#### [TASK REQUIREMENTS]
Please reproduce the lines of the records below from the one holding "- ↑ Fiches Insee" through the one holding "Die Ferienwohnung bietet", inclusive, skipping all pictures.

(Records from a data collection)
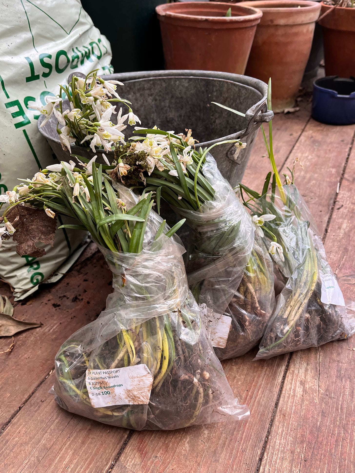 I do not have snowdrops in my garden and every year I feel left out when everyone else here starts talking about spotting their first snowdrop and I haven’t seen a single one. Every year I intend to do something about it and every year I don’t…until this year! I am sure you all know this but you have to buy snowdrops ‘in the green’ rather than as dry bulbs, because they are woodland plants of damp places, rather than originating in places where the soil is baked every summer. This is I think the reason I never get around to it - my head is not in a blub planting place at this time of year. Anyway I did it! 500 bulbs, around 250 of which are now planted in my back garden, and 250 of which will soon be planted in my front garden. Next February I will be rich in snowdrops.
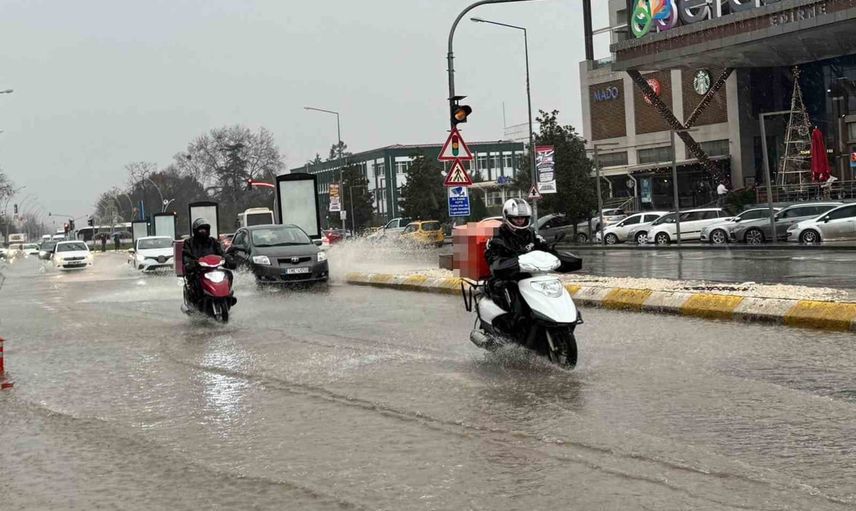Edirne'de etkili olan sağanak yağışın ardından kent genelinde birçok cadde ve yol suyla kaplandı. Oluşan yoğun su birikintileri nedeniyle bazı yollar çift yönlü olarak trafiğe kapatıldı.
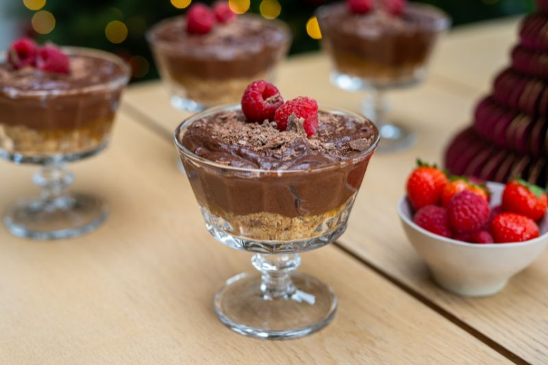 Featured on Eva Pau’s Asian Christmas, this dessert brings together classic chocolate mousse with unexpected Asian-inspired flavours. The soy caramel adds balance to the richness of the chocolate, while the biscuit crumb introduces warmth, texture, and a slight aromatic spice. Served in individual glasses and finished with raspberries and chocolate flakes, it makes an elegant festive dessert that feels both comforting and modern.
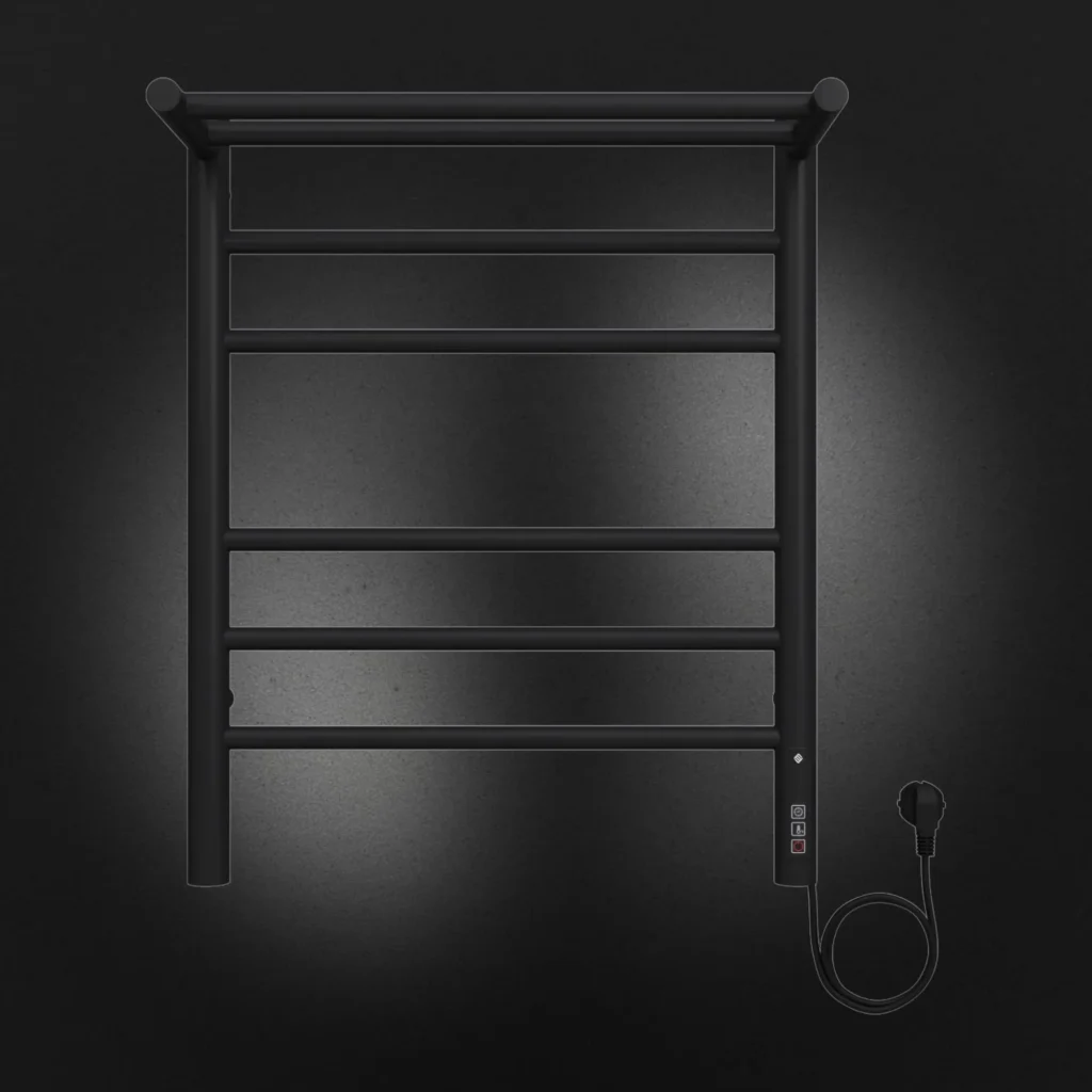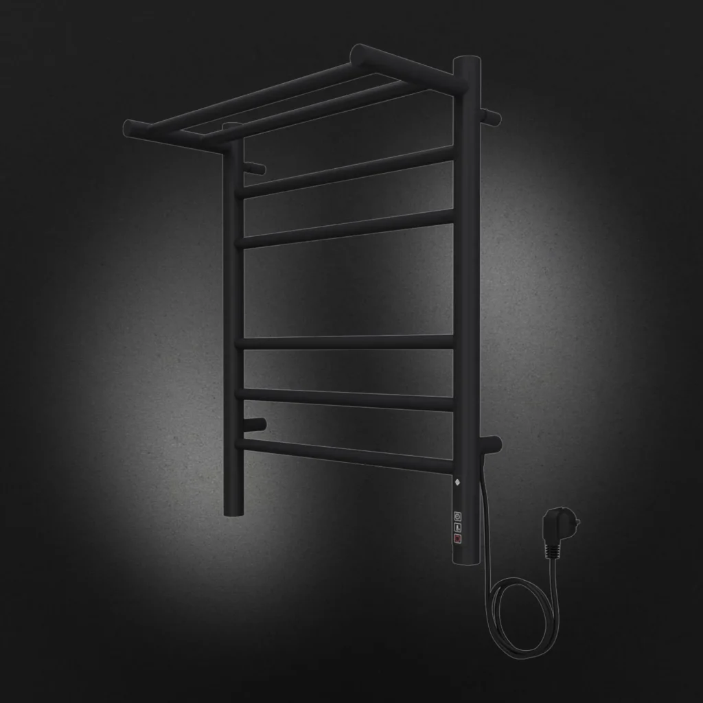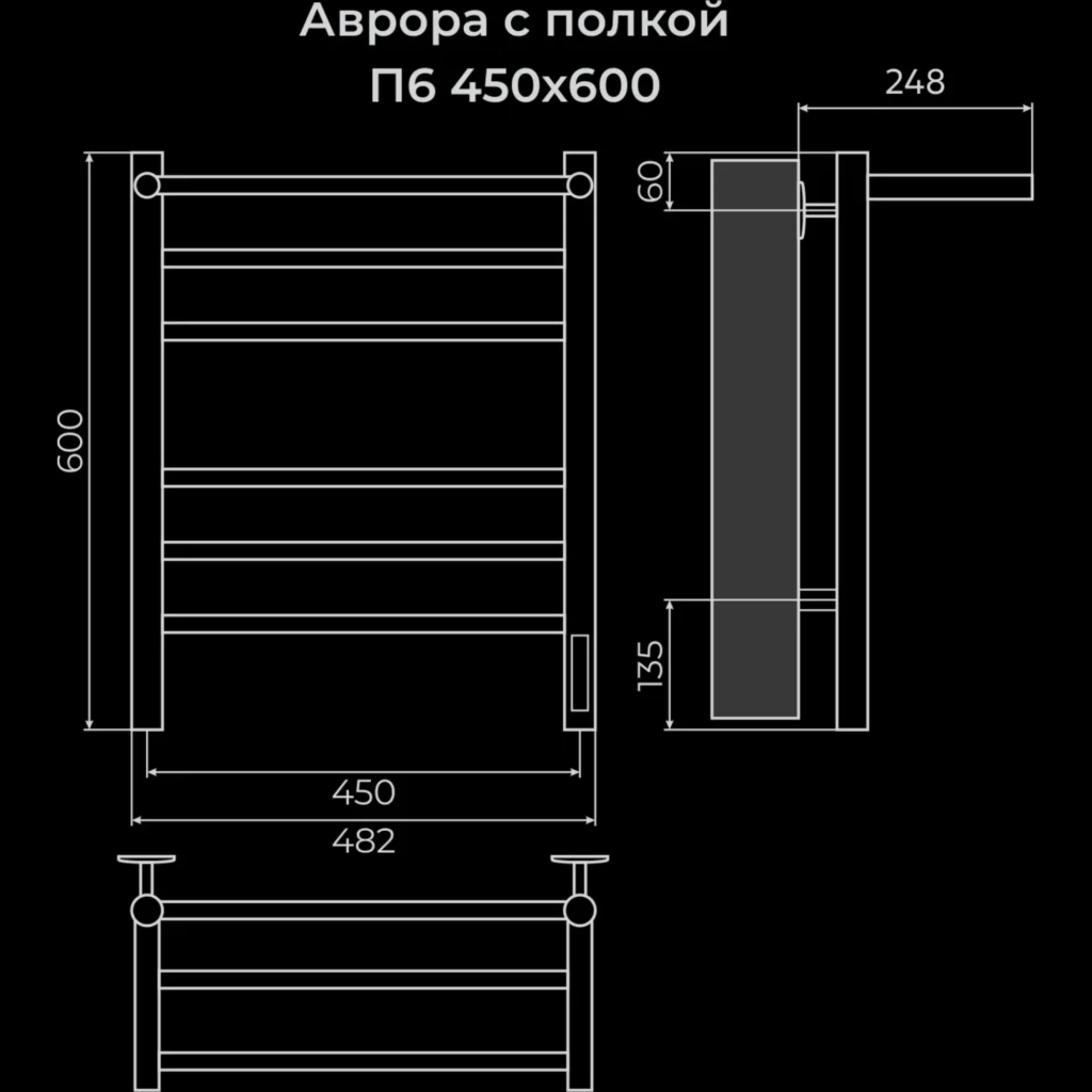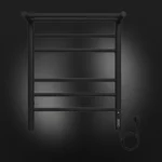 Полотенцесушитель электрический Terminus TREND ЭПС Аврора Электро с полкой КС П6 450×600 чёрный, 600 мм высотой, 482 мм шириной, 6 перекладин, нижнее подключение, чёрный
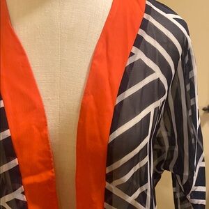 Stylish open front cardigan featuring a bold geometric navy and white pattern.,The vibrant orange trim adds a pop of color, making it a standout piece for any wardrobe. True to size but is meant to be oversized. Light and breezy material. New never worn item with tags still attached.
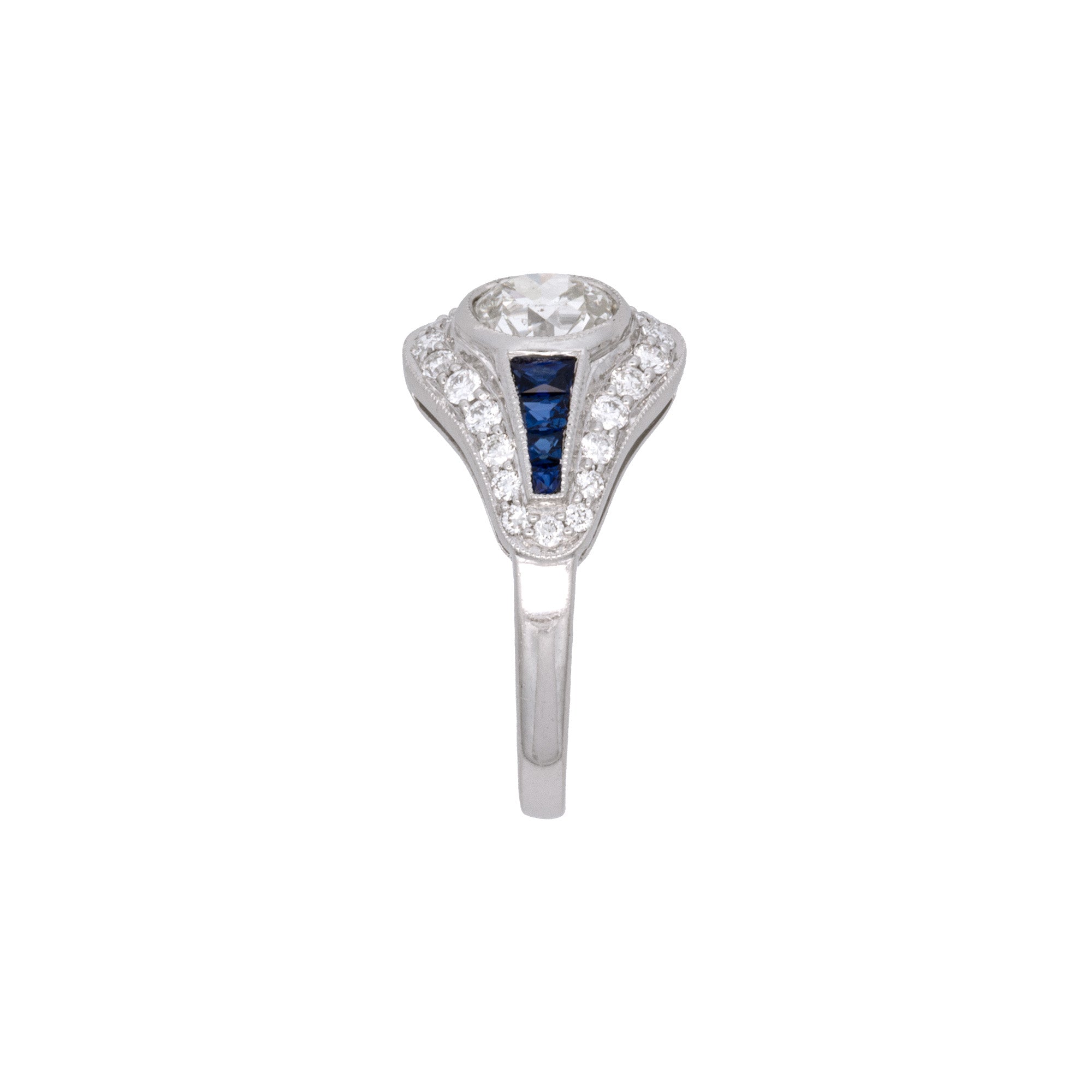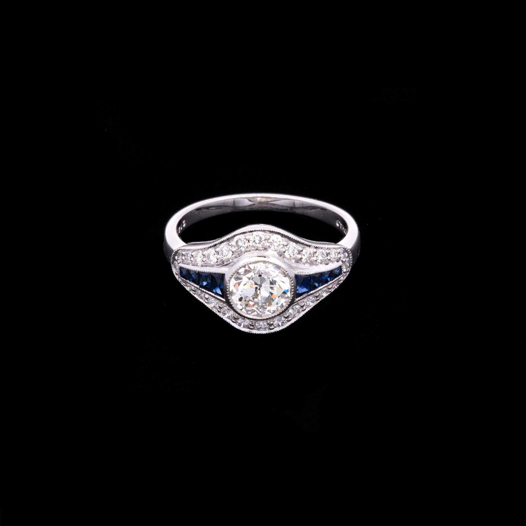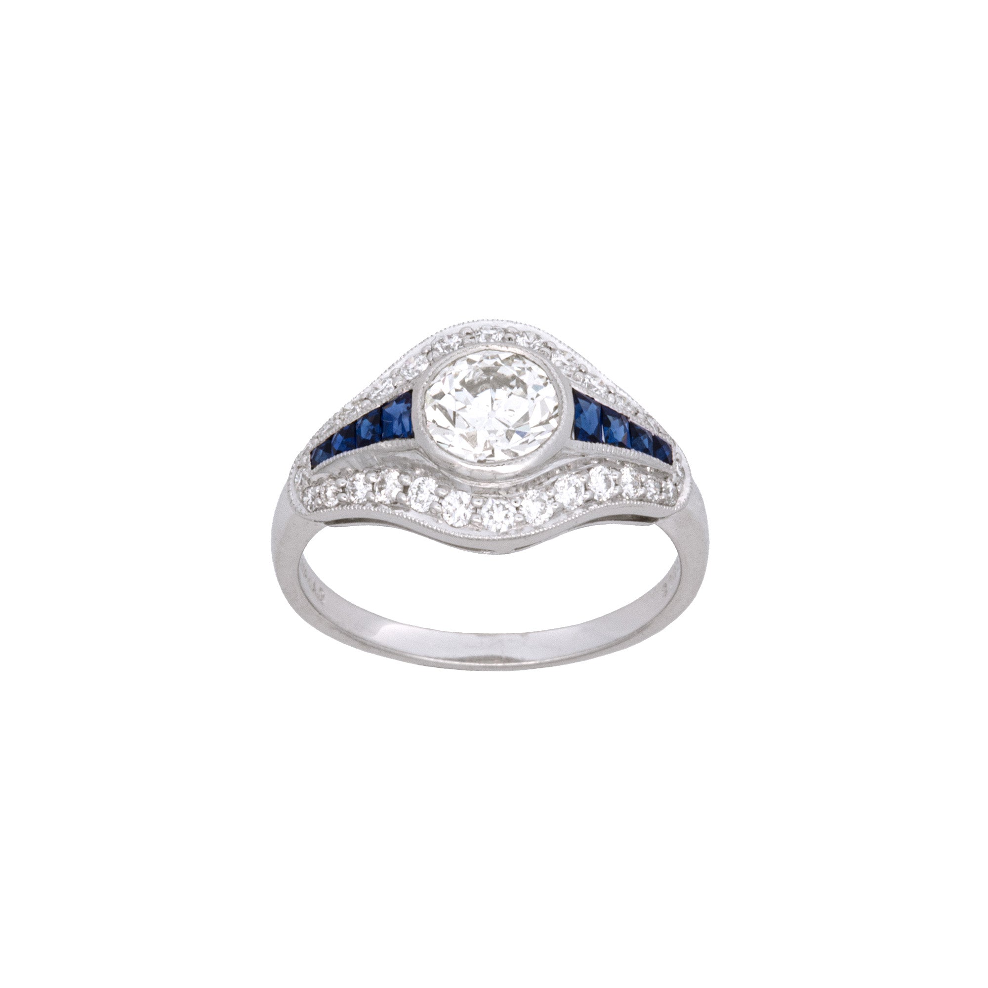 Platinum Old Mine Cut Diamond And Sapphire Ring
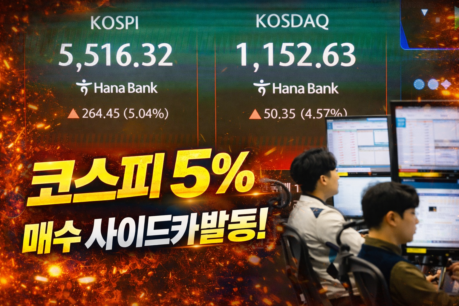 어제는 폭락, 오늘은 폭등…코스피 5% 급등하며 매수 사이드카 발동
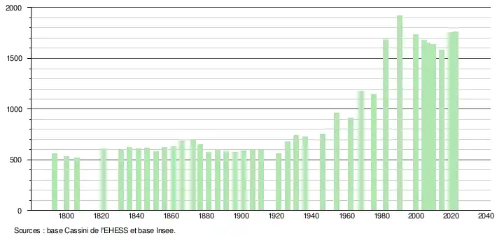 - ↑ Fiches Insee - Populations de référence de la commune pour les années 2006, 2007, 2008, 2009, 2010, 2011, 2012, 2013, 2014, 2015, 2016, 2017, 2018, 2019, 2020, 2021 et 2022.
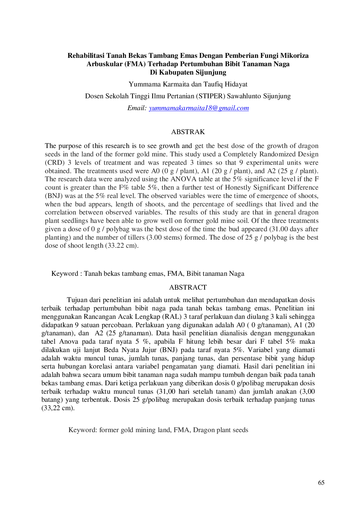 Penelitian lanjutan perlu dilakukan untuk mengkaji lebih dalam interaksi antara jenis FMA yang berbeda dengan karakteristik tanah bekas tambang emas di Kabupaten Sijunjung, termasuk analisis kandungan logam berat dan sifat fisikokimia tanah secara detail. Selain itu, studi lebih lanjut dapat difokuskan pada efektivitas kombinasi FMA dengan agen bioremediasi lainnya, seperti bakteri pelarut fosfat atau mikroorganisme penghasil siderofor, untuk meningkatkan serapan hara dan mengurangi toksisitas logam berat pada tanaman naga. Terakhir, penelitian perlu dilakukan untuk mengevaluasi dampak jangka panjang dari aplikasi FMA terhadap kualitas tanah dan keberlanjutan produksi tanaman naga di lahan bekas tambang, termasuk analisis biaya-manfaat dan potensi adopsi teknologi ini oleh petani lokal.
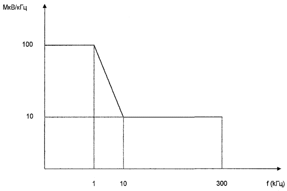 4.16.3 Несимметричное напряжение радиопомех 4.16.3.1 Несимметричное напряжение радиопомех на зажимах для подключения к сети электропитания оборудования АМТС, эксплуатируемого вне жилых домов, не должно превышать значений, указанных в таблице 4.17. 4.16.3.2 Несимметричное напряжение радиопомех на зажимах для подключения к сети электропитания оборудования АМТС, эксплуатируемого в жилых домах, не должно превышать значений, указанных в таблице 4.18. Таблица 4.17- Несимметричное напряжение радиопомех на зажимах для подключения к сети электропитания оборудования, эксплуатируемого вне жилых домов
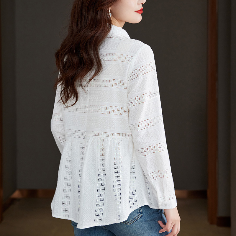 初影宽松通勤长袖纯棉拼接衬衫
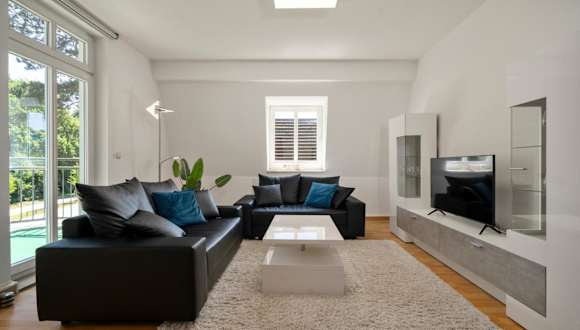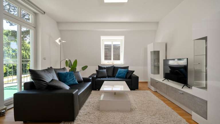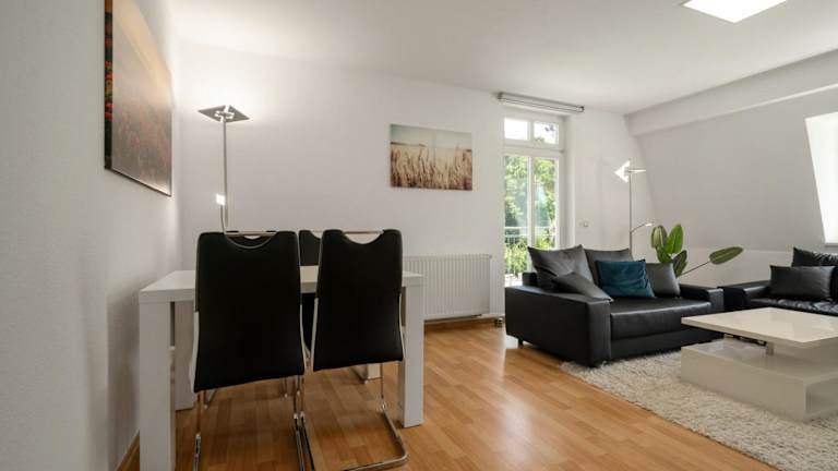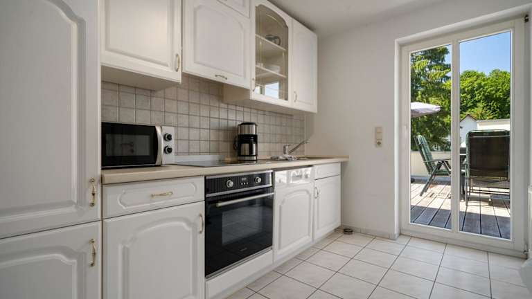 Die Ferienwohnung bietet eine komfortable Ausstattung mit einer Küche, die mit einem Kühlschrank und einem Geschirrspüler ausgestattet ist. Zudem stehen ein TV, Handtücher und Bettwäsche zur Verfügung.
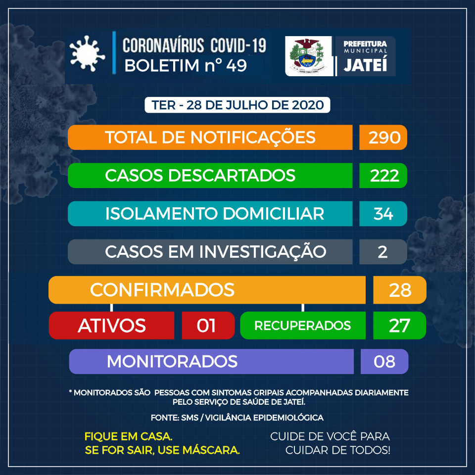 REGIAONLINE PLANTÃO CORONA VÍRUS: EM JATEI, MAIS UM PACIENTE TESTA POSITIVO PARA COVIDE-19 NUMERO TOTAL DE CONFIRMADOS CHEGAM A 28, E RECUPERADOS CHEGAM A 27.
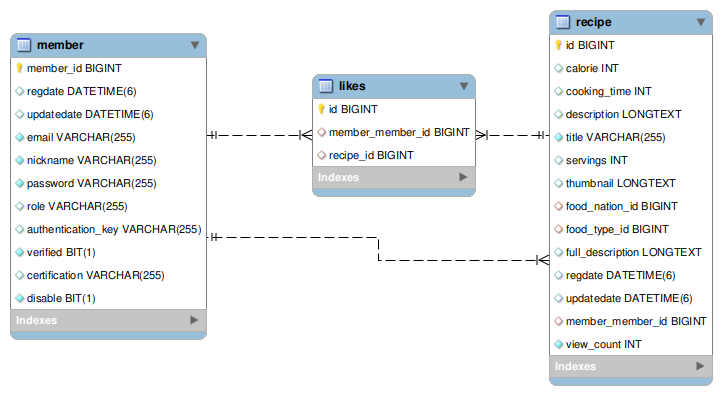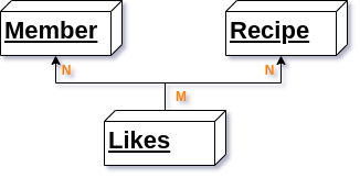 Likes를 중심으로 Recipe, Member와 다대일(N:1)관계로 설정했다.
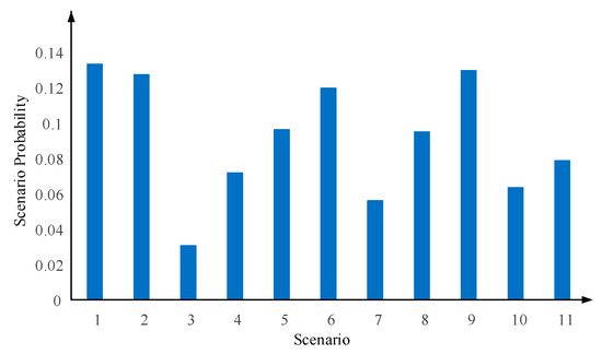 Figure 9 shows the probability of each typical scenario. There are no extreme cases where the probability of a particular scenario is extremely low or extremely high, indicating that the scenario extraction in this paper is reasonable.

#### [TASK SOLUTION]
 - ↑ Fiches Insee - Populations de référence de la commune pour les années 2006, 2007, 2008, 2009, 2010, 2011, 2012, 2013, 2014, 2015, 2016, 2017, 2018, 2019, 2020, 2021 et 2022.
 Penelitian lanjutan perlu dilakukan untuk mengkaji lebih dalam interaksi antara jenis FMA yang berbeda dengan karakteristik tanah bekas tambang emas di Kabupaten Sijunjung, termasuk analisis kandungan logam berat dan sifat fisikokimia tanah secara detail. Selain itu, studi lebih lanjut dapat difokuskan pada efektivitas kombinasi FMA dengan agen bioremediasi lainnya, seperti bakteri pelarut fosfat atau mikroorganisme penghasil siderofor, untuk meningkatkan serapan hara dan mengurangi toksisitas logam berat pada tanaman naga. Terakhir, penelitian perlu dilakukan untuk mengevaluasi dampak jangka panjang dari aplikasi FMA terhadap kualitas tanah dan keberlanjutan produksi tanaman naga di lahan bekas tambang, termasuk analisis biaya-manfaat dan potensi adopsi teknologi ini oleh petani lokal.
 4.16.3 Несимметричное напряжение радиопомех 4.16.3.1 Несимметричное напряжение радиопомех на зажимах для подключения к сети электропитания оборудования АМТС, эксплуатируемого вне жилых домов, не должно превышать значений, указанных в таблице 4.17. 4.16.3.2 Несимметричное напряжение радиопомех на зажимах для подключения к сети электропитания оборудования АМТС, эксплуатируемого в жилых домах, не должно превышать значений, указанных в таблице 4.18. Таблица 4.17- Несимметричное напряжение радиопомех на зажимах для подключения к сети электропитания оборудования, эксплуатируемого вне жилых домов
 初影宽松通勤长袖纯棉拼接衬衫
 Die Ferienwohnung bietet eine komfortable Ausstattung mit einer Küche, die mit einem Kühlschrank und einem Geschirrspüler ausgestattet ist. Zudem stehen ein TV, Handtücher und Bettwäsche zur Verfügung.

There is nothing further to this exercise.